Posso dizer que é muito novo, porque assim, reconheço muitos dos meus irmãos e talz. E vir com um disco, vim com o disco pra minha cidade, e ai você percebe os aspectos que existem em outras pessoas que se envolvem: Léo Grijó na pós produção, Don L pensando em toda a questão da arte, André Maleronka pensando em toda a questão da carreira, saca? Esse trampo representa não só pra mim, mas pra Doiston, Coro MC, pra “Star” *, uma possibilidade impar de fazer coisas legais, de trazer nossa sonoridade, trazer nosso sotaque. Não diminuindo o sotaque de ninguém, mas essa possibilidade de trazer o nosso e de participarmos dessa festa também A gente não pode negar que, sem alegria, sem a possibilidade de encontro, sem a possibilidade dessa troca, de olhar no olho, da gente poder se conhecer, fica muito difícil acreditar na cultura do rap,

Aqui ficou mais fácil, sentar entre meus amigos, pessoas que eu conheço tipo das primeiras vezes que eu vim a São Paulo fazer virada cultural, a gente tem uma amizade de pô, dez anos, sabe? Então a gente não tá dividindo a cena, a gente também tá unindo, não precisamos desse sentimento. A gente deseja pro Raplogia crescimento e prosperidade, é isso que a gente deseja pra vocês, a gente precisa de vocês, porque é importante ter veículos como vocês, que falam pra quem tá na idade de vocês, eu sou veterano nessa parada e fico grato, fico honrando de estar conversando com vocês.

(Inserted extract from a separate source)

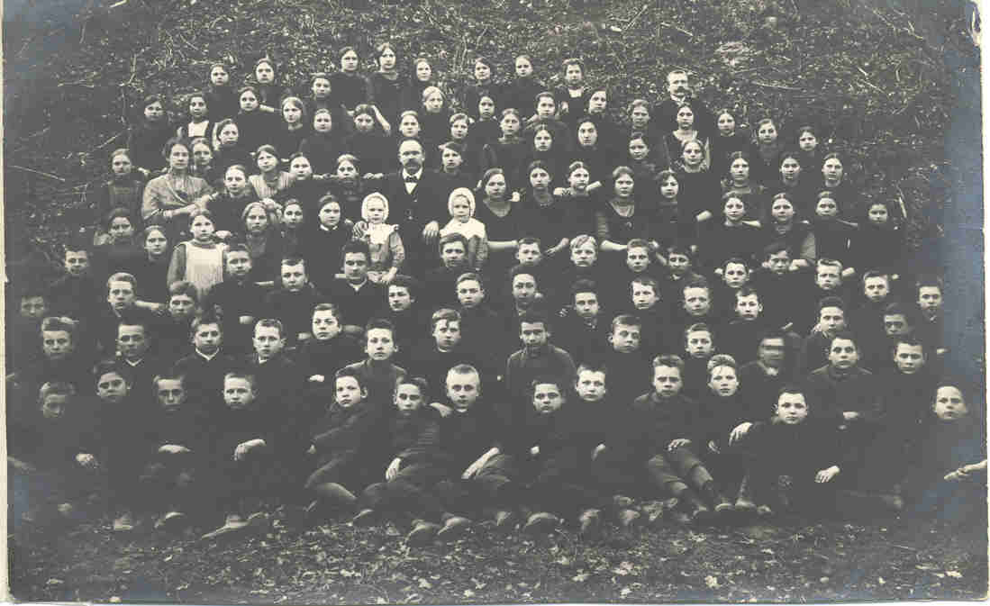 Skolotājs Eduards Auka (1871-1950.gadi), iespējams, Raunas pagastskolas skolēnu vidū, jo šajā skolā viņš strādāja no 1908.gada.

Nego Gallo e Don L durante show no Sesc Pompeia. Foto: Marcola

Nego Gallo e Don L durante show no Sesc Pompeia. Foto: Marcola

A gente ficou felizão que vocês cantaram músicas do Costa Costa …

Tu vê, acertei tudinho, eu não errei uma música, eu sou de esquecer letra no palco (risos)

Ah, mas já fazem 12 anos que o disco saiu, né?

Mas eu errei durante os 12 anos (risos). Toda vez que tocava, os caras no palco falavam: “Canta tua parte”, e eu respondia: “Eu não sei, velho” (risos). Mas foi bacana poder estar com o Don, que é meu amigo e meu irmão, artista que aprendi a respeitar por ver o nível de entrega dele. Então tipo, é importante fazer esse tipo de referência a ele, a Diomedes, a Vandal, ao Baco, saca?

 

Qual seria seu próximo passo? Você planeja fazer algum clipe pro disco?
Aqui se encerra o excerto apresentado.